Trick or Trouble?

Stopping the stigma against teenaged trick or treaters

October 18, 2018

  What is Halloween to the average teenager? Do they think of candy or beer? Halloween is a time of year where everyone celebrates this spooky season.

  Perhaps the most festive group, teenagers, is the least sure about how to spend their Halloween night. In preparation, some are planning the killer parties. Some are getting their costume ready. Some are indulging in pumpkin spice. And the rest of us are wondering whether or not it’s lame to want to trick or treat still. (The answer is yes, but if you’re not cool enough to be invited to a party does it even matter?)

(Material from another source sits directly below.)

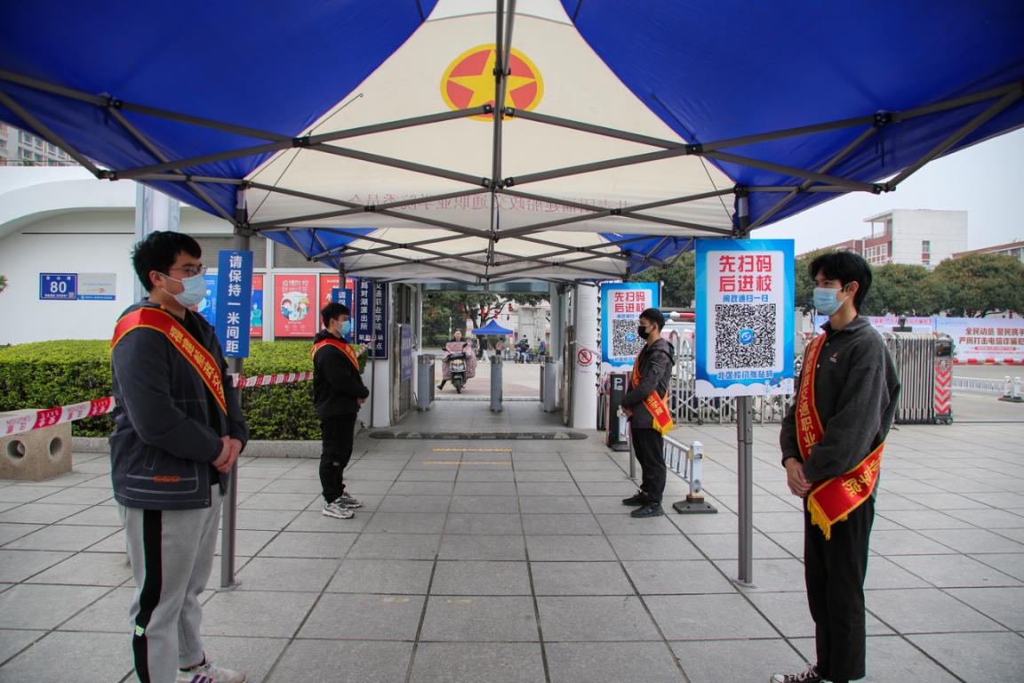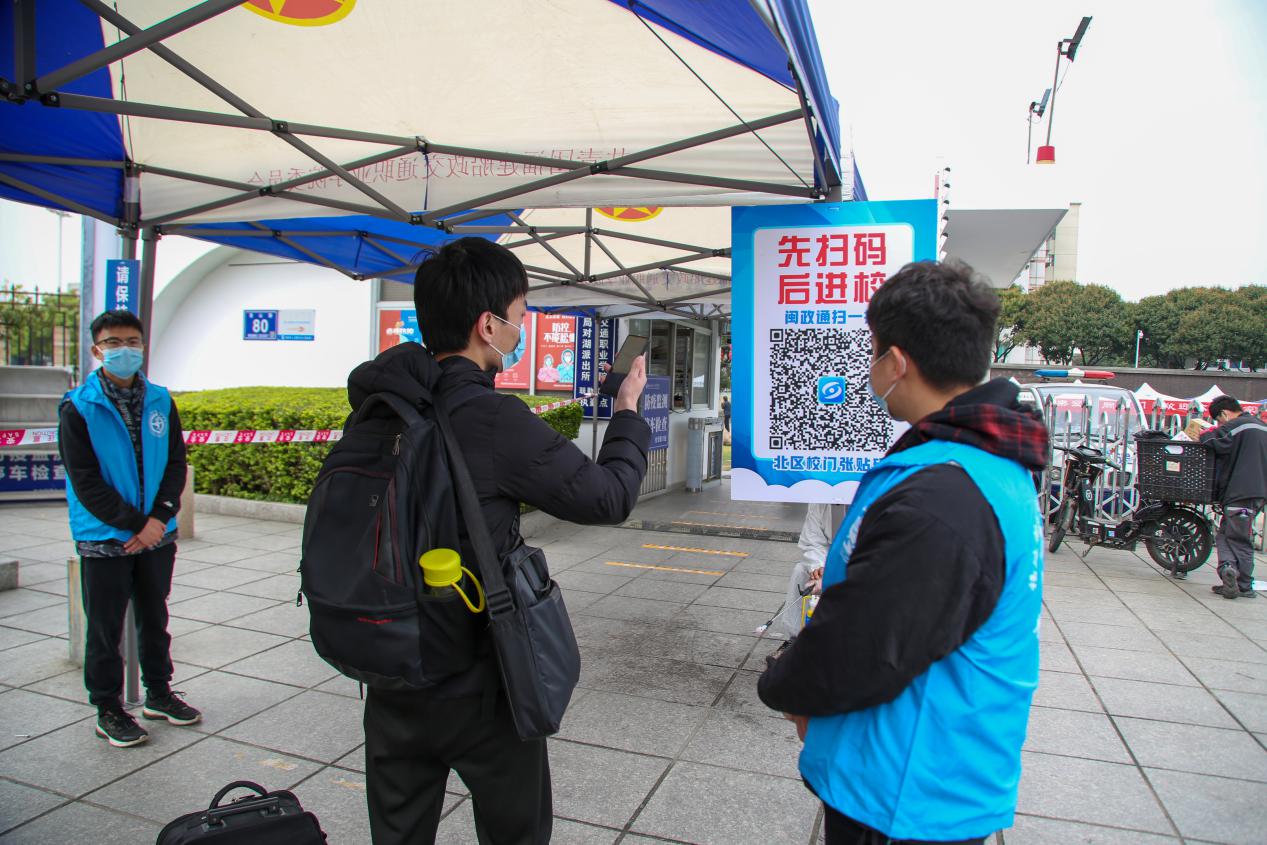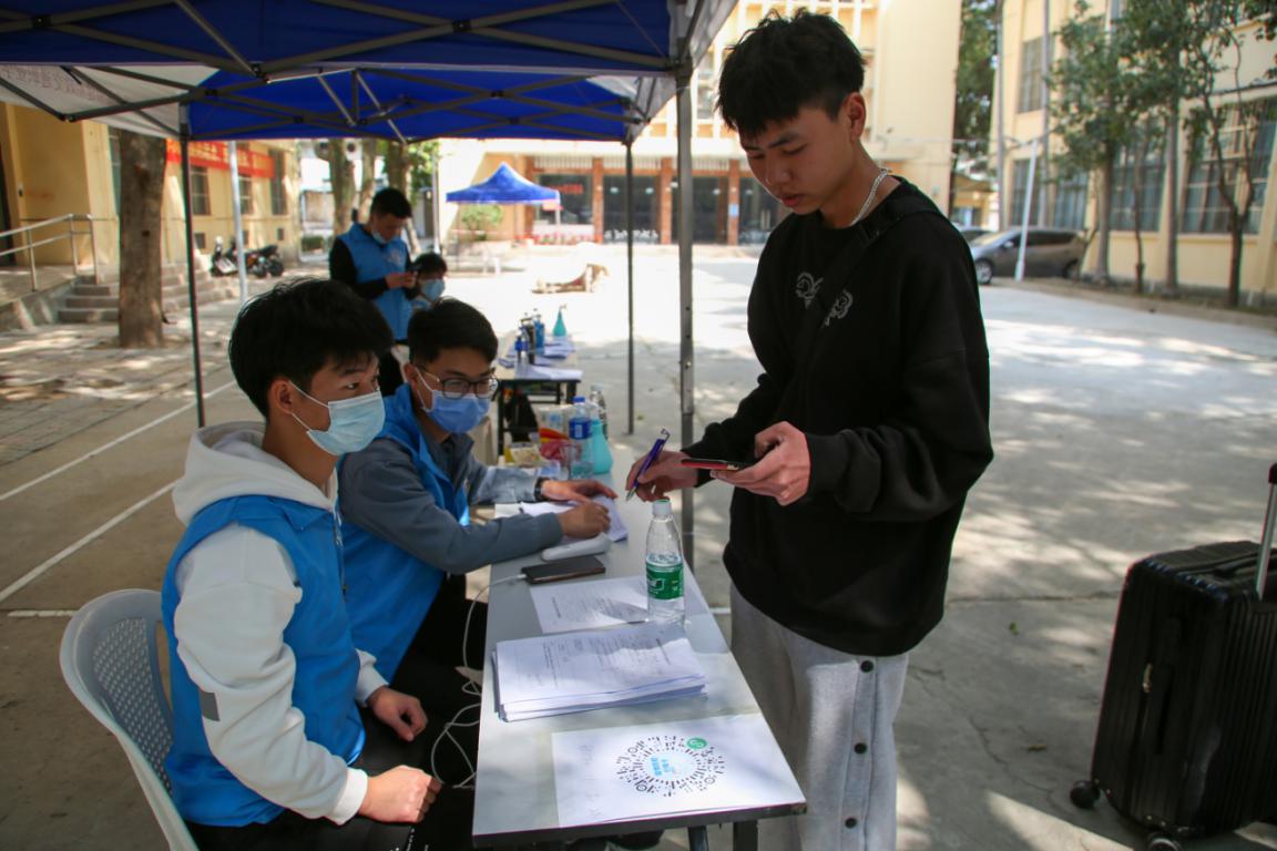 報(bào)道點(diǎn)志愿者對(duì)返校學(xué)生進(jìn)行登記,并進(jìn)行體溫監(jiān)測登記以及收集同學(xué)們上交的《健康承諾書》。

  The fact of the matter is trick or treating is a birthright. Most of us have amazing memories of it. It’s the ultimate bargain and experience to which we are entitled. Free candy, getting to wear a funky costume, running the streets at night: these are key aspects of youth. Why stop when we don’t have to?

  It’s arguably lame, yes. But does that really matter? Teenagers have every right to trick or treat and should take advantage of it. We add more to the community than little kids do. We deserve the candy the neighborhood crazy cat lady bought from Stater Bros on discount. If the mom with the I-want-to-talk-to-your-manager haircut tries to tell you otherwise, ask her if she’d rather have you incapacitated at a party.

  Teenagers are running out of time to be young. In a few years, we will be filing taxes. Don’t throw away any chances you have to maintain the memory of your childhood.

  So take what you deserve, go stop the stigma against trick or treating!